Exercise aim: Everything in the listing below should be repeated exactly, apart from the pictures.
-=-=-=-=-
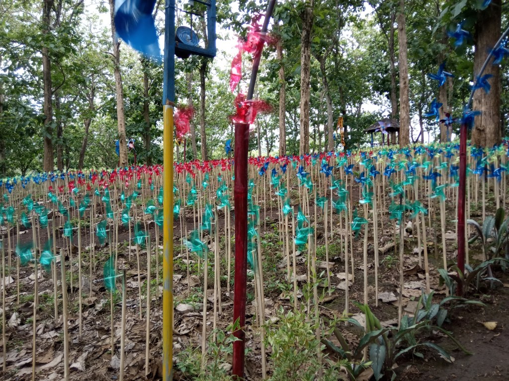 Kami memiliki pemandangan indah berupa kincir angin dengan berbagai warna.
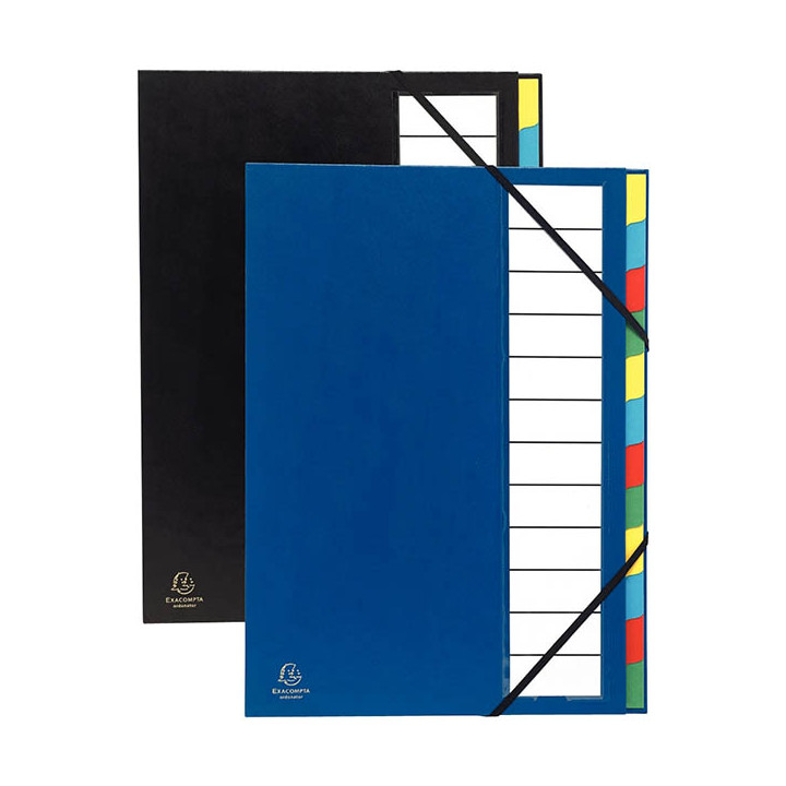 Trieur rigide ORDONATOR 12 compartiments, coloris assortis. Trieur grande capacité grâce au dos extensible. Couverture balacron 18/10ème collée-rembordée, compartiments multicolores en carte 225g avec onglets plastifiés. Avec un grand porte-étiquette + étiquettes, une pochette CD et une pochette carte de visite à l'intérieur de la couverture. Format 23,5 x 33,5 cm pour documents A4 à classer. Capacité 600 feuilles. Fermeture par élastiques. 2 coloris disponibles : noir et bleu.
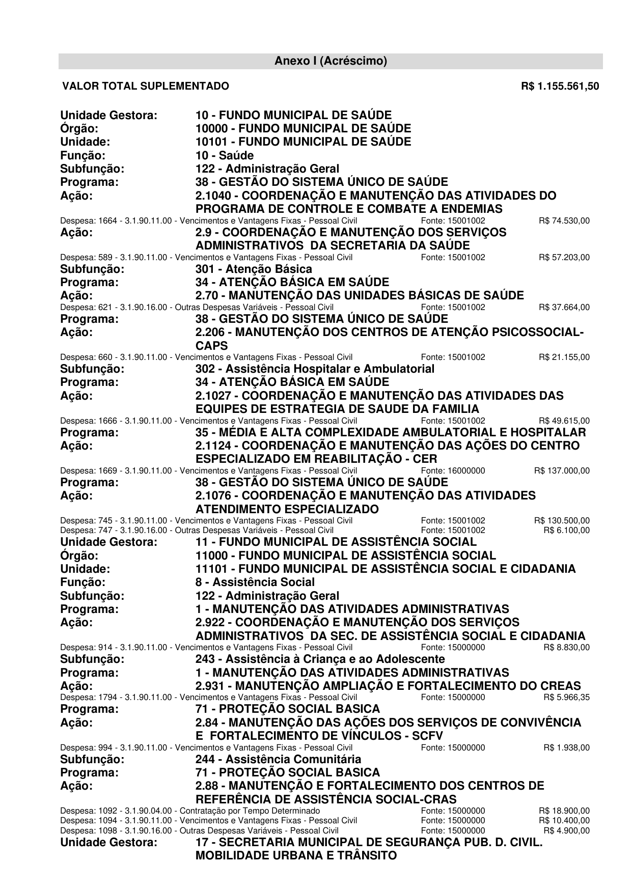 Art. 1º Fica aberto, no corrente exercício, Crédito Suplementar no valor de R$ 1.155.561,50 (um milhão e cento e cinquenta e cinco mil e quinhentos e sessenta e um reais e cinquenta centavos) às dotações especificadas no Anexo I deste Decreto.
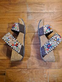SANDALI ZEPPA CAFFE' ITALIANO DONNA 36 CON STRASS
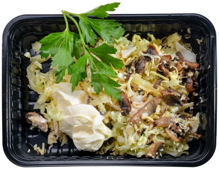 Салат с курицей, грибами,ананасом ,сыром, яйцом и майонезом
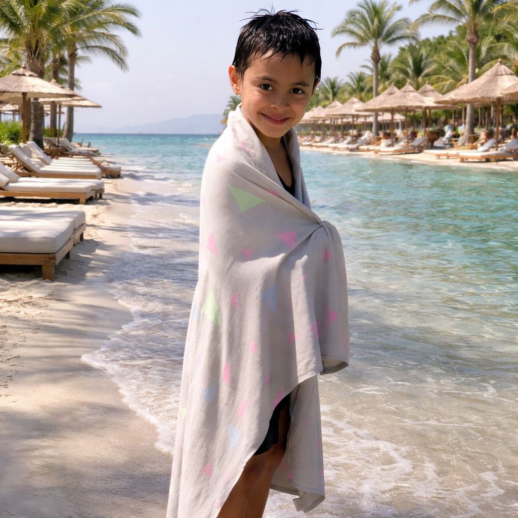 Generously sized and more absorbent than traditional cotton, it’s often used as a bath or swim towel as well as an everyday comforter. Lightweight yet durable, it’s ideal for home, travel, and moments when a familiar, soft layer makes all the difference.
-=-=-=-=-
Answer section:
 Kami memiliki pemandangan indah berupa kincir angin dengan berbagai warna.
 Trieur rigide ORDONATOR 12 compartiments, coloris assortis. Trieur grande capacité grâce au dos extensible. Couverture balacron 18/10ème collée-rembordée, compartiments multicolores en carte 225g avec onglets plastifiés. Avec un grand porte-étiquette + étiquettes, une pochette CD et une pochette carte de visite à l'intérieur de la couverture. Format 23,5 x 33,5 cm pour documents A4 à classer. Capacité 600 feuilles. Fermeture par élastiques. 2 coloris disponibles : noir et bleu.
 Art. 1º Fica aberto, no corrente exercício, Crédito Suplementar no valor de R$ 1.155.561,50 (um milhão e cento e cinquenta e cinco mil e quinhentos e sessenta e um reais e cinquenta centavos) às dotações especificadas no Anexo I deste Decreto.
SANDALI ZEPPA CAFFE' ITALIANO DONNA 36 CON STRASS
 Салат с курицей, грибами,ананасом ,сыром, яйцом и майонезом
 Generously sized and more absorbent than traditional cotton, it’s often used as a bath or swim towel as well as an everyday comforter. Lightweight yet durable, it’s ideal for home, travel, and moments when a familiar, soft layer makes all the difference.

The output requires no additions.